Home Remedies For Atopy In Dogs
Avoiding ingestion or inhalation of allergens is often not practical, yet, strategies to combat allergens and environmental management may be attempted to prevent sources of allergens.
Supportive therapies can be done at home, and can include topical medications, oral antihistamines, antibiotics, medicinal baths and Topical lipid skin treatments.
Discuss with veterinarian dermatologist for any home care specific to your dog’s situation.
How to Prevent Atopy In Dogs?
- When you find out which substances your dog is allergic to, limiting or avoiding exposure is the best way to prevent an atopic reaction.
- Avoidance of the allergen will be the best prevention. Pollens and dust (use an air cleaner with a HEPA filter), Molds (place activated charcoal above the exposed dirt in your house plants or use a dehumidifier)
- Medicated baths: medicated baths (weekly or every other week) with medicated shampoos and antimicrobial and antifungal agents relieves injured skin and remove allergens that cause skin allergy flare-ups. Afterward, apply a rinse to prevent drying out of the skin and hair coat.

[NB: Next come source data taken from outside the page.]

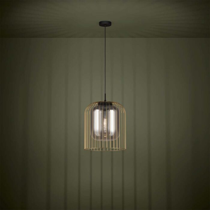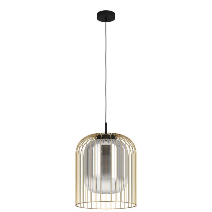 EGLO CAMINATA – luksuzna visilica sa zlatno-crnim čeličnim kućištem i prozirnim staklenim abažurom. E27 grlo do 40W, idealna za elegantne enterijere.
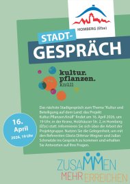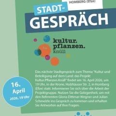 Bereits jetzt dürfen sich Interessierte auf die nächste Veranstaltung freuen: Am 16. April 2026 um 19:00 Uhr lädt das Stadtgespräch erneut in die Krone ein. Dann steht das Thema „Kultur und Beteiligung auf dem Land: das Projekt Kultur.Pflanzen.Knüll“ im Fokus. Mit Gloria Dittmar-Wegner und Julian Schmelzle stehen kompetente Ansprechpartner bereit, die Einblicke in die Projektarbeit geben und den Dialog mit dem Publikum suchen. Eine gute Gelegenheit also, sich zu informieren, Fragen zu stellen und aktiv am kulturellen Leben der Region teilzuhaben. (di)
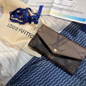 Authentic (microchipped) Louis Vuitton Sarah reverse monogram wallet. Beautiful condition with box dust bag and papers.
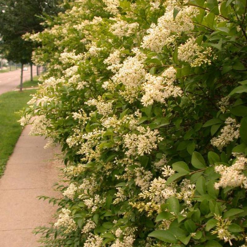 A densely branched deciduous shrub, Amur Privet features handsome green leaves that may be semi-evergreen in mild climates. Creamy white flowers are followed by black berries that ripen in fall and attract birds. Widely grown as a specimen plant, screen, or tall hedge. Tolerates a wide range of soils and urban conditions. Dislikes wet soils. Responds well to pruning.
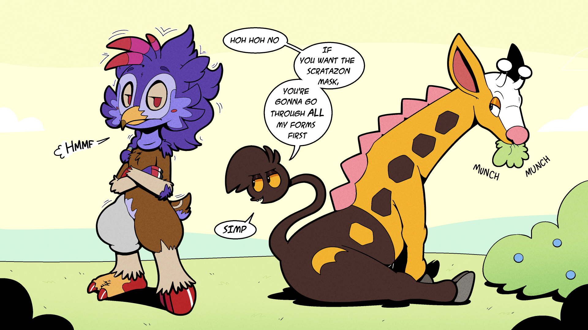 trevor_fox transformation tf transfur twinning rito deer girafarig pokémon_(species) tail_head living_tail Sharp_Teeth eating speech_bubble dialogue cloven_hooves yellow_fur brown_fur spotted_fur spikes_(anatomy) pink_nose orange_beak purple_feathers mask_transformation wearing_mask mask trevor-fox_(character) orange_sclera blue_eyes red_eyes red_hooves talons toe_claws duo trevor_fox_(character) Pokemon
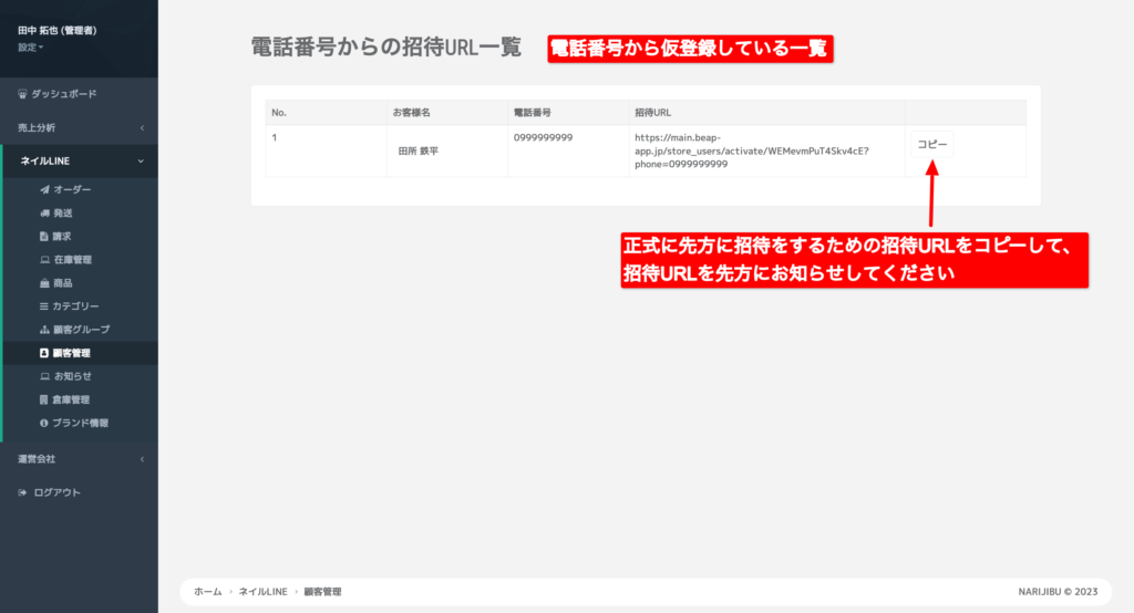 仮登録した顧客を正式に招待する場合、「電話番号から招待URL一覧」をクリック
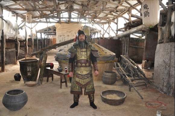 1214年,成吉思汗征伐金國,攻打到鄭家屯時,下令禁止使用火藥,就為了留下一個叫做劉家燒鍋的酒坊,也就是關(guān)東緣酒的前身。一代天驕,成吉思汗,來到劉家燒鍋以后再也不想去射大雕了,他決定要在此一醉方休。酒坊地面上堆放著釀酒用的糧食,師傅們正在熱氣騰騰的作坊里釀酒,忽見成吉思汗現(xiàn)身,大家頓時嚇得石化了。
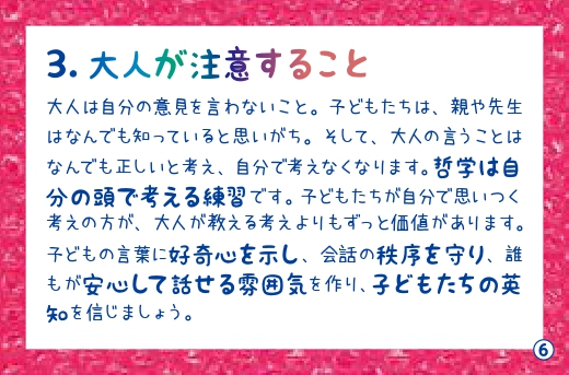 - 大人は問いかけるだけで自分の考えや答えを言わないこと。
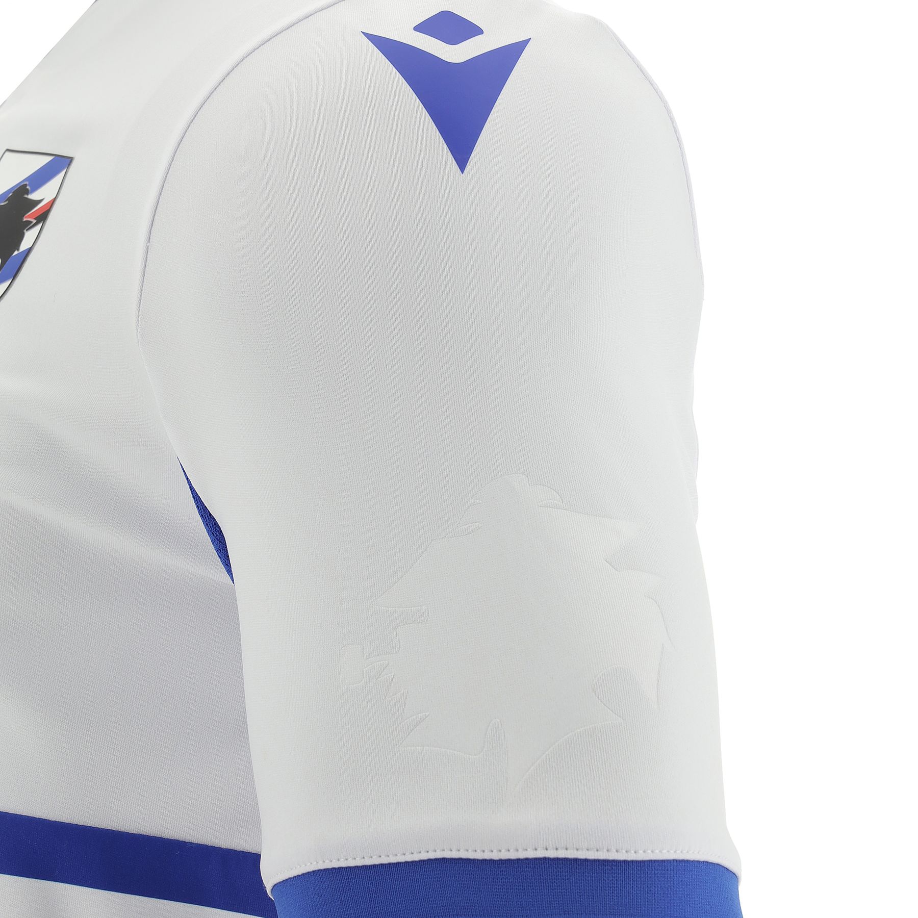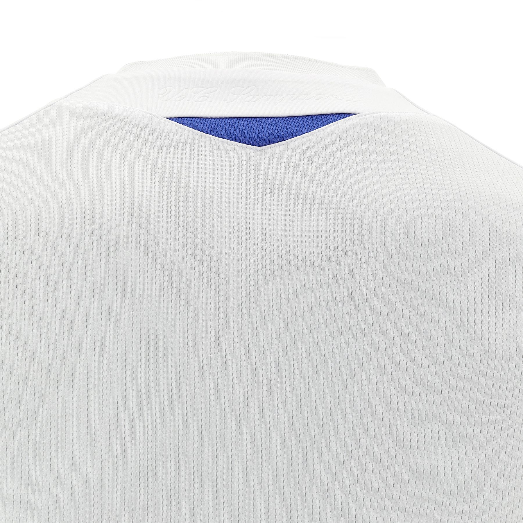 The first Sampdoria 2020/21 Away shirt is white and maintains the graphic setting of the Home version. The neck is V-shaped and the edges of the sleeves are in royal blue knitwear.

- Dogs with skin folds can be cleaned daily with a clean, damp cloth, shampoo, wipes, ointment, lotion, spray, skin cleanser, etc.
- Regularly brush the dog to reduce shedding. Consistent grooming spreads the skin’s natural protective oils across the surface.
- Regular long-term use of moisturizing, cleansing and emollient products support a dog’s skin defenses and prevention of recurrence.
- Consult with your veterinarian dermatologist for Hypoallergenic vaccinations.
Affected Dog Breeds Of Atopy
Additional Facts On Atopy In Dogs
- Atopic march: when dogs have one of the atopic conditions they are at significant risk for developing another at some point during childhood. For example, most dogs with atopic dermatitis may develop allergic rhinitis, and/or there is a possibility of developing asthma.
- Canine Atopy is the second most common skin disorder in dogs, after flea allergies. This is expected to affect almost 10% of the dogs.
- Atopic dermatitis is more prevalent in female dogs than in male dogs
When To See A Vet For Atopy In Dogs?
If your pet is displaying any of CAD signs, it’s a good idea to head to your vet immediately so they can help you find the bottom of your dog’s itch.
Dog Food Suggestions For Atopy
Wheat, Dairy, beef are responsible for 75% of food allergies in dogs. Avoid these items.
Novel protein sources used in this diet include venison, rabbit, lamb, duck, etc are not usually found in pet food.
Carbohydrate sources include sweet potatoes, potatoes, canned pumpkin, peas, yams, etc
Hydrolyzed protein diets- protein source has been chemically reduced to small fragments.
In general, Over 75% of dogs with atopic conditions can be satisfactorily managed but almost cannot be completely cured. It is usually a lifelong condition requiring continuous management.
Core treatments may need regular visits to the clinic. Remember to first talk to your vet about any unusual symptoms. Monitor your dog for any unusual symptoms. Don’t delay in reporting any flare-ups of symptoms to your veterinarian.